Within the entries below, please retype exactly the lines starting with the line that has "Vous êtes ici : Accueil" and going on through the line that has "ca 1930 Alfa", but not the pictures.

----- The records

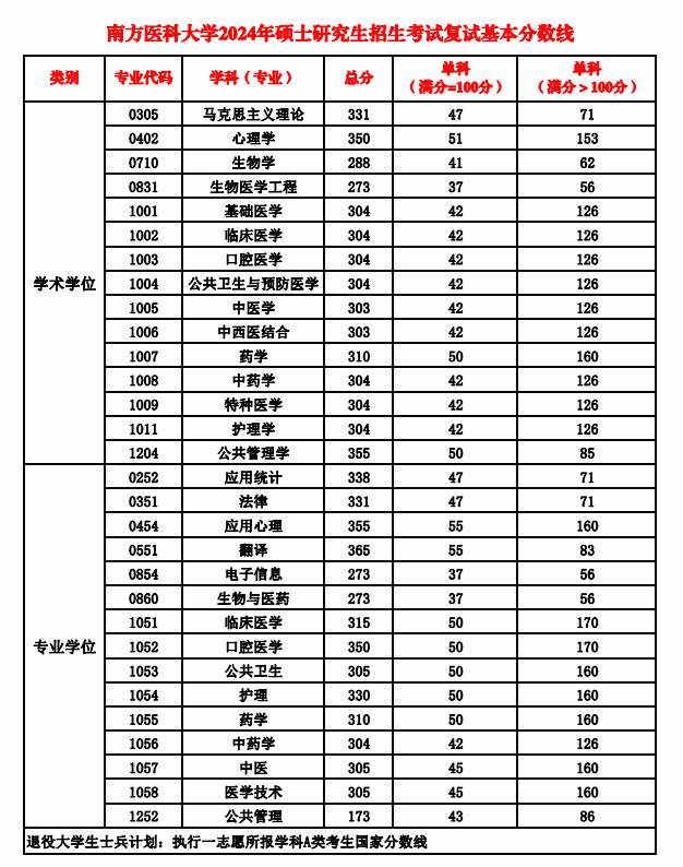 2024年南方医科大学硕士研究生招生考试复试基本分数线已公布,主要内容包括:各专业总分、单科(满分=100分)基本分数线、单科(满分>100分)基本分数线等。
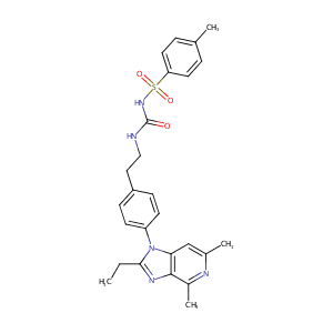 InChI=1S/C26H29N5O3S/c1-5-24-29-25-19(4)28-18(3)16-23(25)31(24)21-10-8-20(9-11-21)14-15-27-26(32)30-35(33,34)22-12-6-17(2)7-13-22/h6-13,16H,5,14-15H2,1-4H3,(H2,27,30,32)
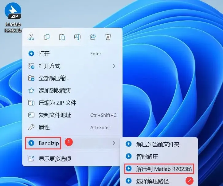 1、下载Matlab R2023b软件安装包到电脑上,右键选择【解压到Matlab R2023b\】
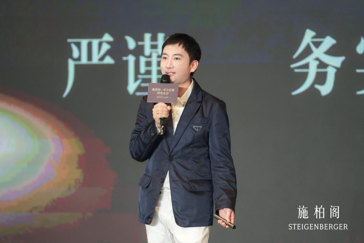 叶子乐在发布会上分享了他的设计理念:可力乐熊的名字寓意着“可”靠、有“力”量、传递快“乐”。“它没有眼睛,是希望我们用心去感受世界的温度。”他透露,此次合作历时近两年,从概念到落地共打磨了十五版设计方案,最终呈现出以“丝为媒、光为脉、施柏阁蓝为底”的独特视觉表达,抽象地诠释了能量在时空中流动的意境。更值得一提的是,双方签订了长达四十年的合作约定,这在国内IP合作领域尚属首创,展现了施柏阁在品牌文化建设上的长远视野。
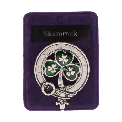 Clans Of ScotlandModel: A05127_SHAMROCK Scottish Clan Crested Badge Diameter approx. 3.5'' Traditional Scottish Accessory It has a safety pin fastening on the back ...
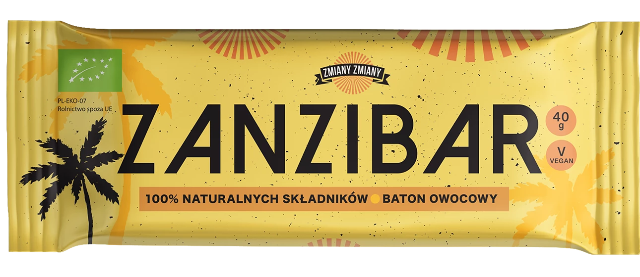 - Bio Baton owocowy "Zanzbiar" wyłącznie z naturalnych składników jakości ekologicznej. Wegański, bez dodatku cukru, bez laktozy, wykonany w technologii raw – przetworzony wyłącznie mechanicznie, bez obróbki termicznej.
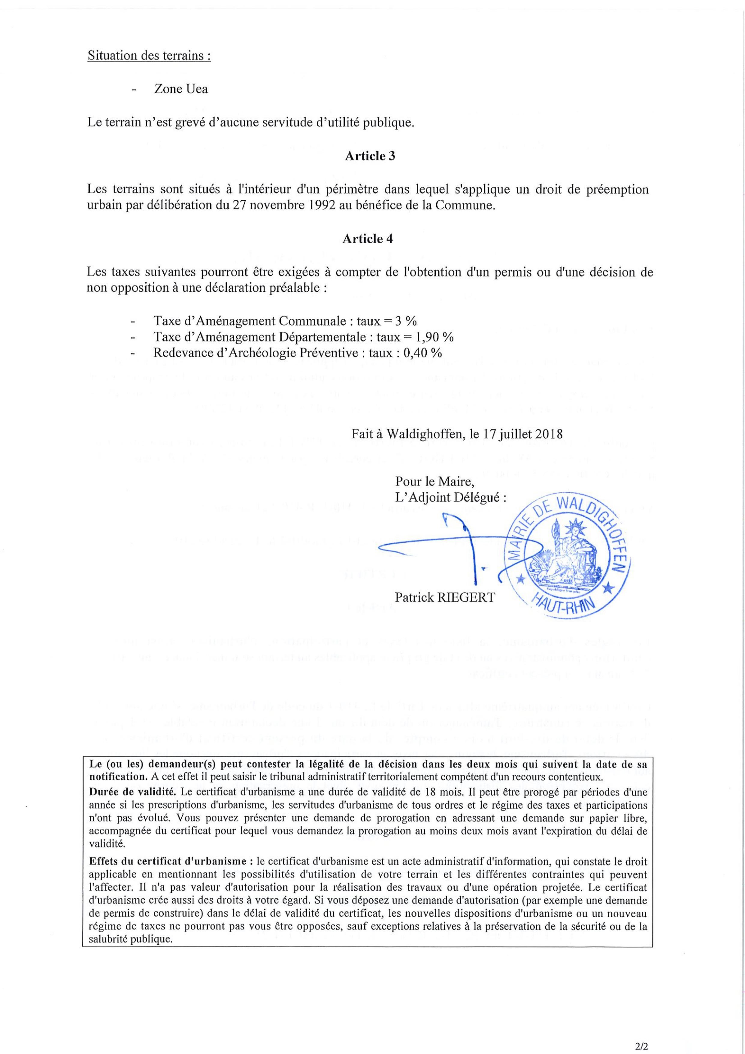 Vous êtes ici : Accueil Mairie Affichage public Annexes affichage public 2018 Certificat d'urbanisme établi pour Maître Thuet, notaire
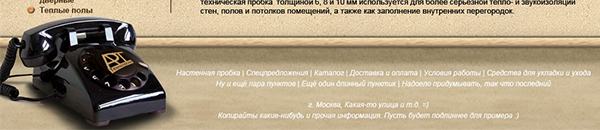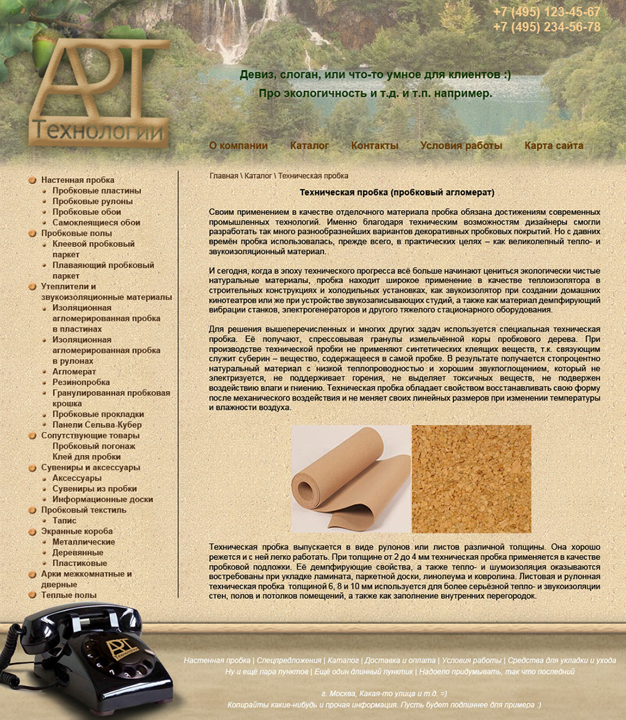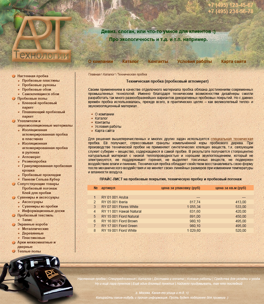 Внутренняя страница каталога (оформление таблиц).
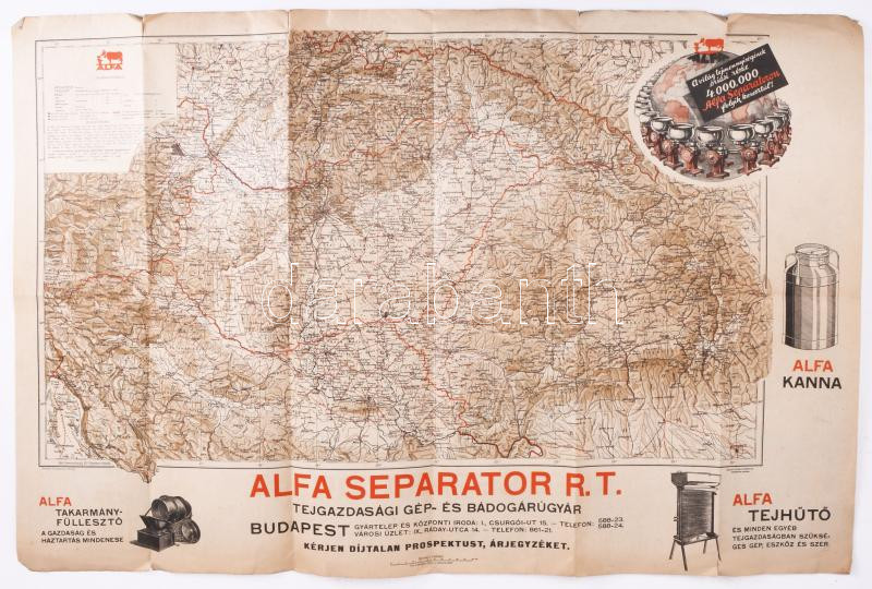 ca 1930 Alfa Separator reklámos országtérkép. szélén kis szakadásokkal...
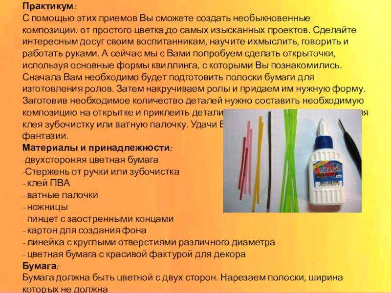 цветка,до самых изысканных проектов. Сделайте интересным досуг своим воспитанникам, научите ихмыслить, говорить и работать руками. А сейчас мы с Вами попробуем сделать открыточки,используя основные формы квиллинга, с которыми Вы познакомились. Сначала Вам необходимо будет подготовить полоски бумаги для изготовления ролов. Затем накручиваем ролы и придаем им нужную форму. Заготовив необходимое количество деталей нужно составить необходимую композицию на открытке и приклеить детали с помощью клея, используя для клея зубочистку или ватную палочку. Удачи Вам, вдохновения и полета фантазии.
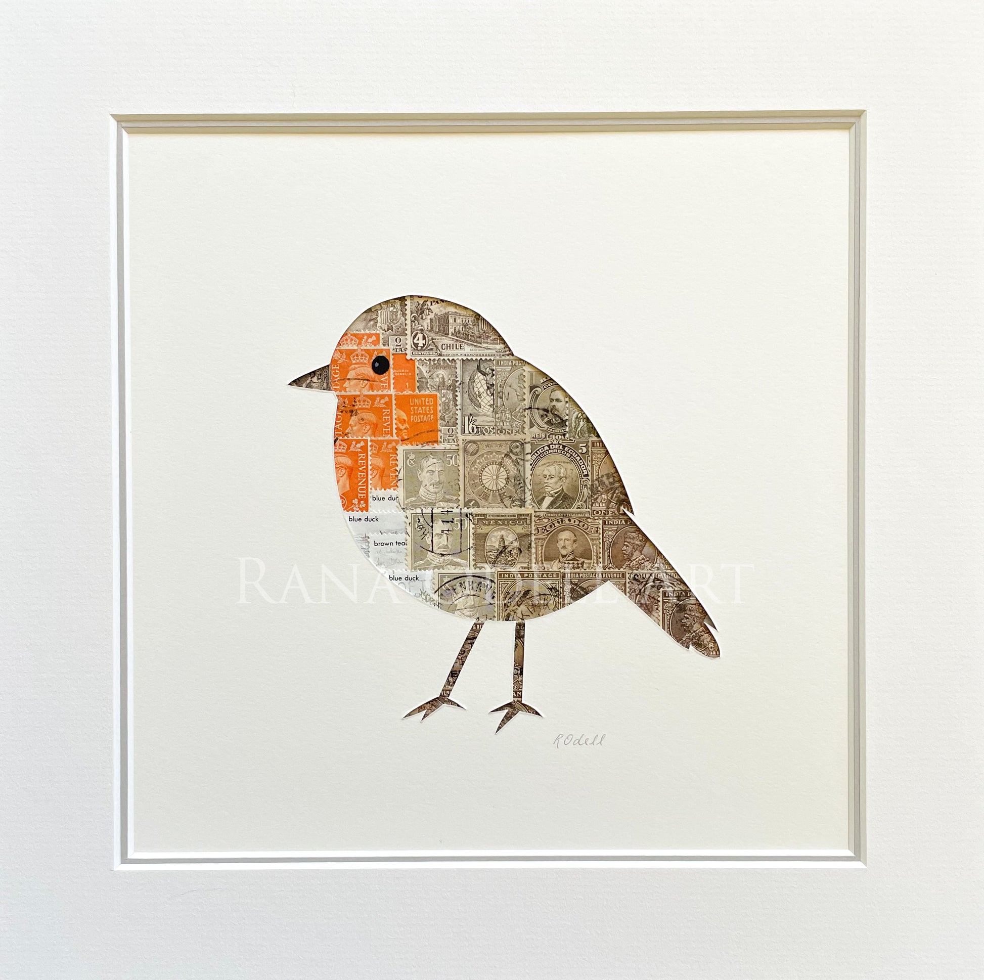 Made from postage stamps from around the world. This piece was 25x25cm.
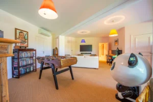Start the morning with a stroll through the garden, where the air is filled with the fragrance of rosemary. The heated pool invites the first dives, while the children laugh joyfully on the trampolines. After lunch on the terrace, the adults set up a game of pétanque beneath the pines. The afternoon stretches into board games or naps in the shade of the olive trees, before ending the day with a barbecue under the stars.
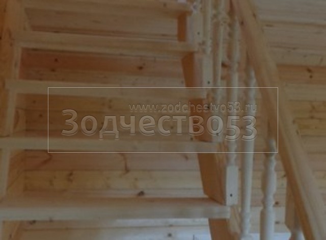 - Лестница одномаршевая с точёными балясинами, стартовыми столбами и перилами.
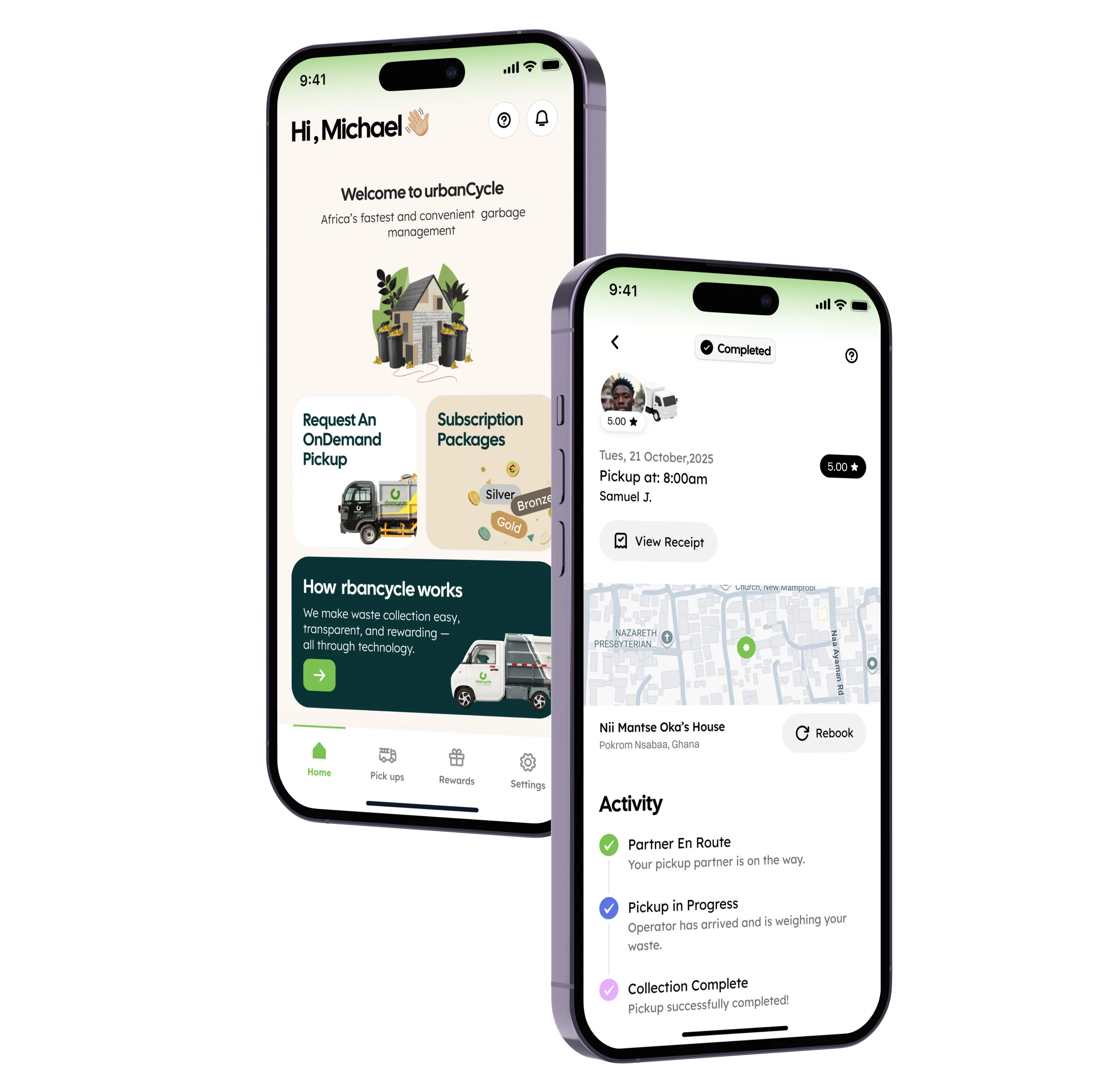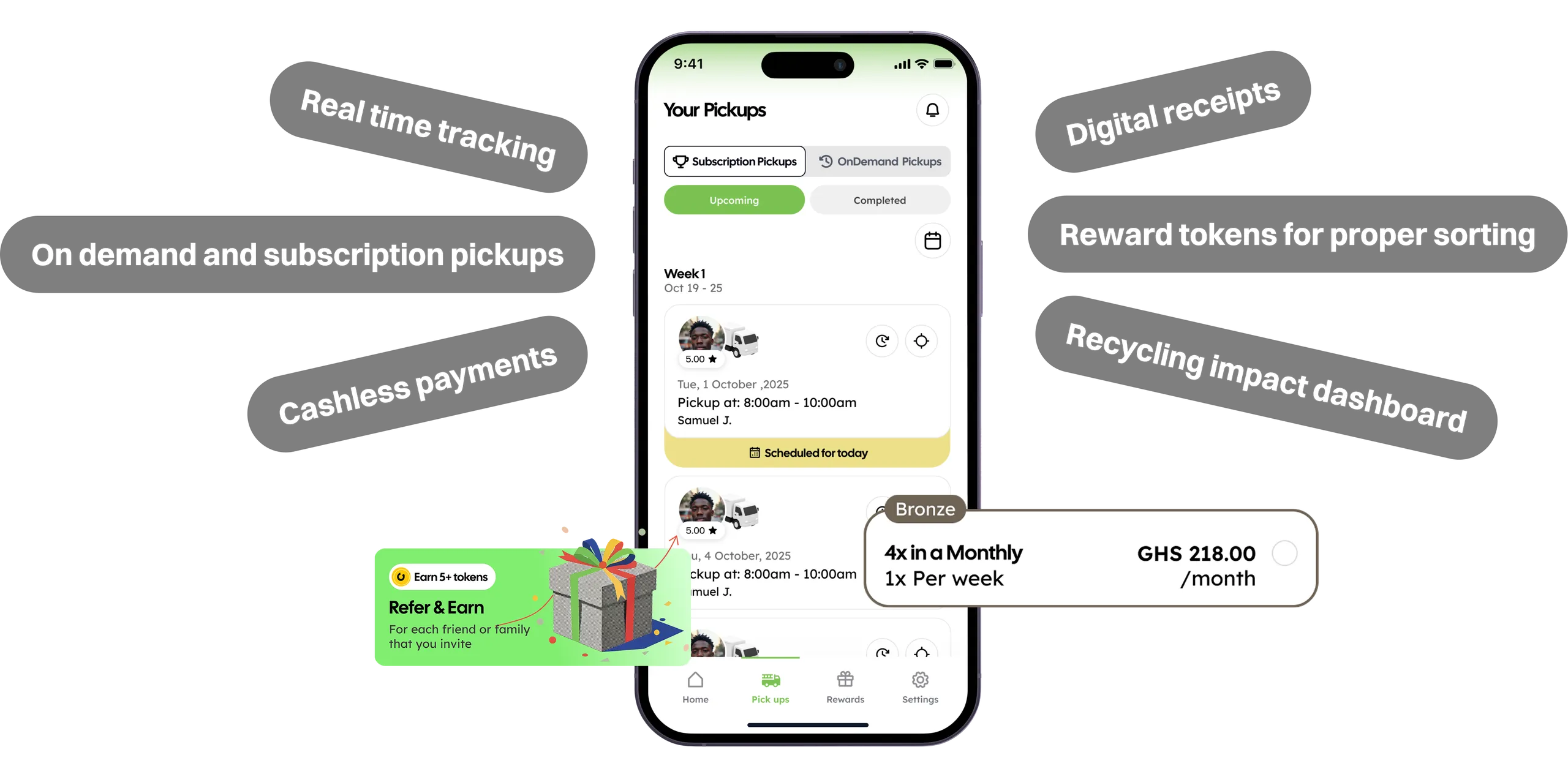 Schedule waste collection in seconds. Track every pickup. Earn rewards for responsible recycling.

----------

» **The answer**
 Vous êtes ici : Accueil Mairie Affichage public Annexes affichage public 2018 Certificat d'urbanisme établi pour Maître Thuet, notaire
 Внутренняя страница каталога (оформление таблиц).
 ca 1930 Alfa Separator reklámos országtérkép. szélén kis szakadásokkal...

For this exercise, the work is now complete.